I'd like the entries that follow repeated exactly, with the pictures left out.

__________

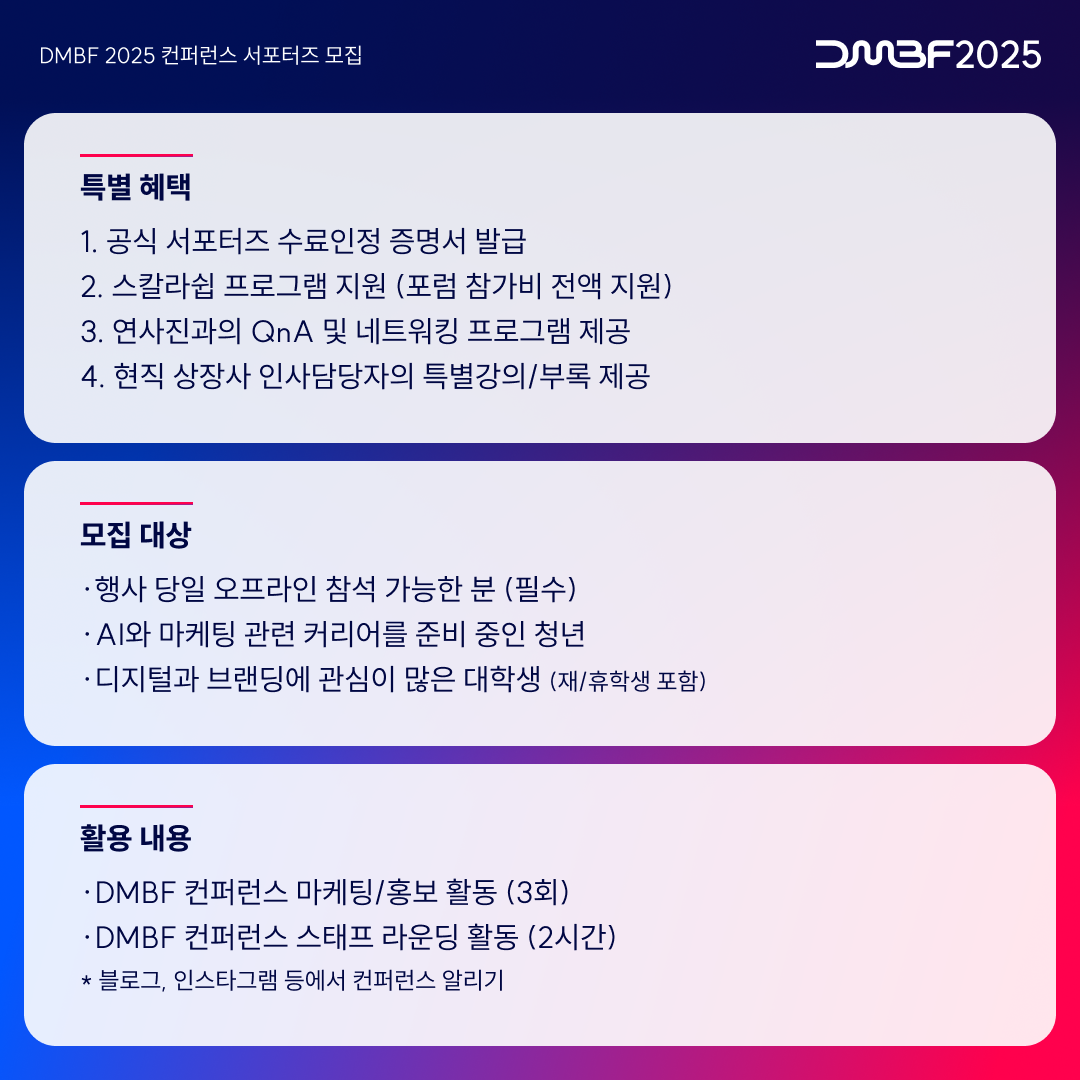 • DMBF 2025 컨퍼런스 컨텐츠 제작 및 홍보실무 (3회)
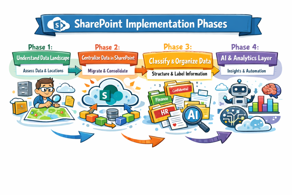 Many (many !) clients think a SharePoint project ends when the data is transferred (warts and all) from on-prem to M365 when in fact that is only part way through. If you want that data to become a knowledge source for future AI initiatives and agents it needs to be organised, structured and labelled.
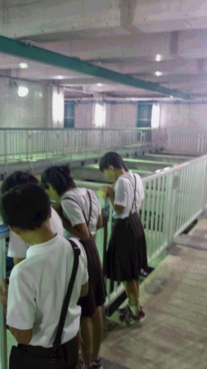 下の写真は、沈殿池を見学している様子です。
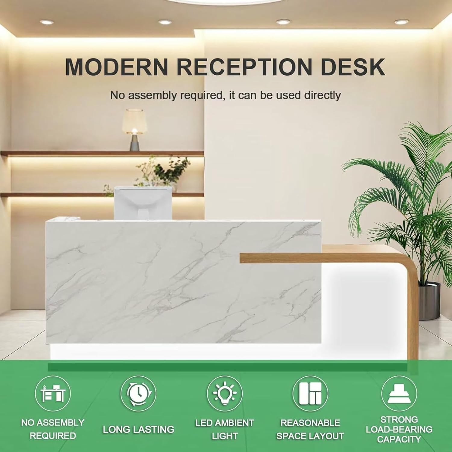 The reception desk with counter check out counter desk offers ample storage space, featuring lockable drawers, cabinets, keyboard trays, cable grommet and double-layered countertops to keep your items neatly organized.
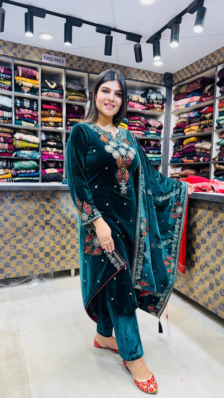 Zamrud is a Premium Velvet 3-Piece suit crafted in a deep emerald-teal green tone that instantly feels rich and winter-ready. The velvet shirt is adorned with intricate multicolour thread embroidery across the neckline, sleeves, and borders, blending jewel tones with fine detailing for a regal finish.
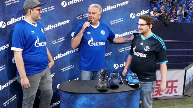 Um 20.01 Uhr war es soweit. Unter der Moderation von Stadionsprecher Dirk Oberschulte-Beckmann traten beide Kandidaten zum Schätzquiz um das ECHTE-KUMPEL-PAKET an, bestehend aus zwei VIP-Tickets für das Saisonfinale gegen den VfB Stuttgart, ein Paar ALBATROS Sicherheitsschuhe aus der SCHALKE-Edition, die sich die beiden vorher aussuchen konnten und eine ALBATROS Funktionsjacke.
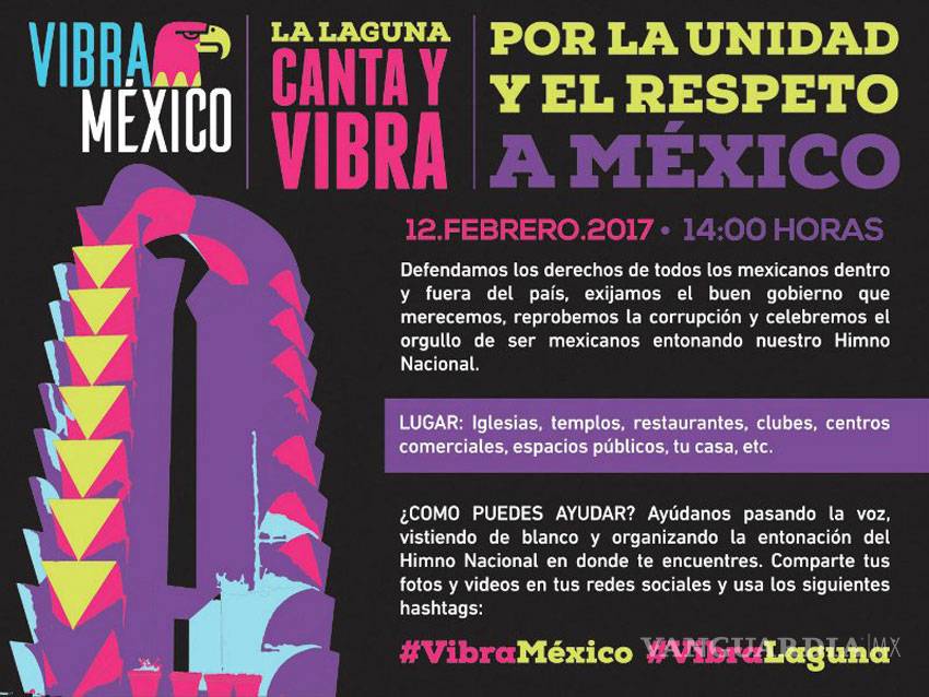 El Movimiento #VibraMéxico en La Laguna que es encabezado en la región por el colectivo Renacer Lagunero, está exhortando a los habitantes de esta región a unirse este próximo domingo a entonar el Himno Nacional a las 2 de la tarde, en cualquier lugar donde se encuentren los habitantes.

__________

▶ _PROBLEM SOLUTION_:
 • DMBF 2025 컨퍼런스 컨텐츠 제작 및 홍보실무 (3회)
 Many (many !) clients think a SharePoint project ends when the data is transferred (warts and all) from on-prem to M365 when in fact that is only part way through. If you want that data to become a knowledge source for future AI initiatives and agents it needs to be organised, structured and labelled.
 下の写真は、沈殿池を見学している様子です。
 The reception desk with counter check out counter desk offers ample storage space, featuring lockable drawers, cabinets, keyboard trays, cable grommet and double-layered countertops to keep your items neatly organized.
 Zamrud is a Premium Velvet 3-Piece suit crafted in a deep emerald-teal green tone that instantly feels rich and winter-ready. The velvet shirt is adorned with intricate multicolour thread embroidery across the neckline, sleeves, and borders, blending jewel tones with fine detailing for a regal finish.
 Um 20.01 Uhr war es soweit. Unter der Moderation von Stadionsprecher Dirk Oberschulte-Beckmann traten beide Kandidaten zum Schätzquiz um das ECHTE-KUMPEL-PAKET an, bestehend aus zwei VIP-Tickets für das Saisonfinale gegen den VfB Stuttgart, ein Paar ALBATROS Sicherheitsschuhe aus der SCHALKE-Edition, die sich die beiden vorher aussuchen konnten und eine ALBATROS Funktionsjacke.
 El Movimiento #VibraMéxico en La Laguna que es encabezado en la región por el colectivo Renacer Lagunero, está exhortando a los habitantes de esta región a unirse este próximo domingo a entonar el Himno Nacional a las 2 de la tarde, en cualquier lugar donde se encuentren los habitantes.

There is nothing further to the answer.